For the last forty-five or fifty years, I have been a close student of science, philosophy and belles-letters, in all lines, yet preaching all the time, as well as leading an exceedingly busy life, in various other legitimate pursuits of life.
For instance, I spent four years as a Confederate soldier in the late civil war. I soldiered in Texas, Louisiana, Mississippi, Arkansas, Missouri, Alabama, Tennessee and Kentucky preaching everywhere and at all times I could get a chance. Was in many battles, served in the hospitals, preached the funerals and buried the soldiers who died in camps in my immediate command, and at the same time carried on a farm in Texas, giving directions as to the planting, sowing and reaping. I owned a farm and a few servants. After the war I still carried on my farm, and preached in 1866 and 1867. I supervised the American Bible Society for the eastern half of Texas in 1868-9 and 1870-71. I reorganized said Society in this vast district, which had been torn up during the war, I preached and organized Bible Societies in every city, town and village and leading neighborhood in this wide territory. It took me one year to go around my circuit. During the four years I traveled 19,645 miles on horseback, and collected and transmitted to said Society over $12,000 in gold. I still carried on my farm, working free negroes, giving orders from various parts of my circuit. Since that time have edited and published papers, merchandised, plead politics, acted as life insurance agent, in the meantime still farming and planting orchards, vineyards and berry gardens and preaching till now. That is, I direct an orchard and vineyard, vegetable and berry garden. I preached my last sermon, orally, last July a year ago-most likely the last that I shall every preach.
Now during all of these fifty years and more of strenuous life in the various pursuits of activity, I have kept up with the advanced thought and the ever onward progress of science, philosophy and literature, and have written various manuscripts.
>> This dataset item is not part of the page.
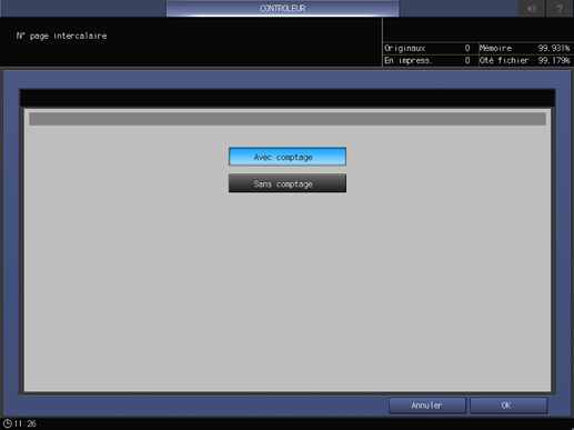 Cet écran s'affiche si vous sélectionnez [Réglage d'impression du pilote] - [N° page intercalaire] sur l'écran [Menu Configuration Contrôleur Machine]. Pour en savoir plus sur l'affichage de l'écran [Menu Configuration Contrôleur Machine], voir CONTROLEUR : réglage du contrôleur.

I have reviewed and criticised many of the leading scientists and philosophers of Europe and Asia-as Darwin, Tyndall, Huxley, Cooks, Douser, Hekle, Tolstoi and others. And to-day, strange as it is to myself and may appear unto others, I stand in the front rank of scientists, not however as an experimental or experimenting scientist, but as a logical and philosophical scientist, physicist and philosopher. Even in the van of the host on the profound problem of organic life, both insentient and sentient, which is the question of the ages, and on the logic, science and philosophy of Eschatology. The science and philosophy of the future life of man. Somewhere beyond the dark sea, and in some place in Heaven's wide domain, either in Beulah Land or Port of Peace,
"When we shall sing in night's royal diadem,
The Star, the Star of Bethlehem."
I am no better, but rather worse. Still I am trying to do something for the uplifting of our glorious church, and the promulagtion of her peculiar and distinctive doctrines, which are the doctrines taught in the Gospel of Christ, pure and simple. I am determined not to sleep the balance of the way on the course of life, though it is short, but to be up and at work, keeping in memory and obeying the commandments of the refrain of the railroad song:
Keep your hands upon the throttle, and your eye upon the rail.
Blessed Saviour, thou wilt guide us to the angels' peaceful shore.
And the Saviour waits to welcome us to the blissful everymore."